Nobody likes a PERV – they just make everyone uncomfortable. Porcine (pig) Endogenous RetroViruses (PERVs) are a creepy concern when it comes xenotransplantation (transplanting organs from a different species), since the perks of not having to wait for an organ transplant take a hit when PERVs get all up in your genome.
In order to take that pesky PERV problem out of your prospective organs, the lab of George Church and eGenesis Biosciences took on a porcine kidney epithelial cell line (PK15):
- They determined the PERV copy number was 62 using digital droplet PCR.
- Using CRISPR-Cas9, two sgRNAs were created to target the PERVs at their conserved pol gene, a reverse transcriptase critical for retroviral activity.
- Editing wasn’t easy, and a number of different delivery approaches were given a go.
- After sorting cells using flow cytometry, they noticed a bimodal distribution of editing success and focused in on the highly-edited cells.
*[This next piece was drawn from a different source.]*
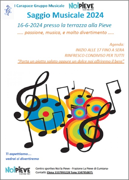 Grande iniziativa, domenica 16 giugno alle ore 17.00, con la rappresentazione di un fantastico saggio musicale del gruppo Carapace, carico di musica, passione e divertimento, qui presso il Centro Sportivo Pieve.

- Lending insight into the mechanism:
- There was a lot of repetition in the specific indels found within a single clone.
- This suggested the repair pathways use successfully mutated PERV copies as templates to repair wild-type sequences that are cut by Cas9.
- A quick check for off-target effects revealed that the multiplexed approach “did not cause catastrophic genomic instability.”
They also went in vitro and examined whether the edited cell line would infect human (HEK 293) cells. Interestingly, while there had not been in vivo evidence for PERV transmission to human cells, the results showed human cells exposed to wild-type pig cells express PERV transcripts. As expected, PERVs in edited cells were reduced to background levels.
While transplantable organs await, all in all, the team demonstrated a knockout of 62 loci using 2 sgRNAs – a record-breaking effort that opens the door to multiplex editing of repetitive sequences.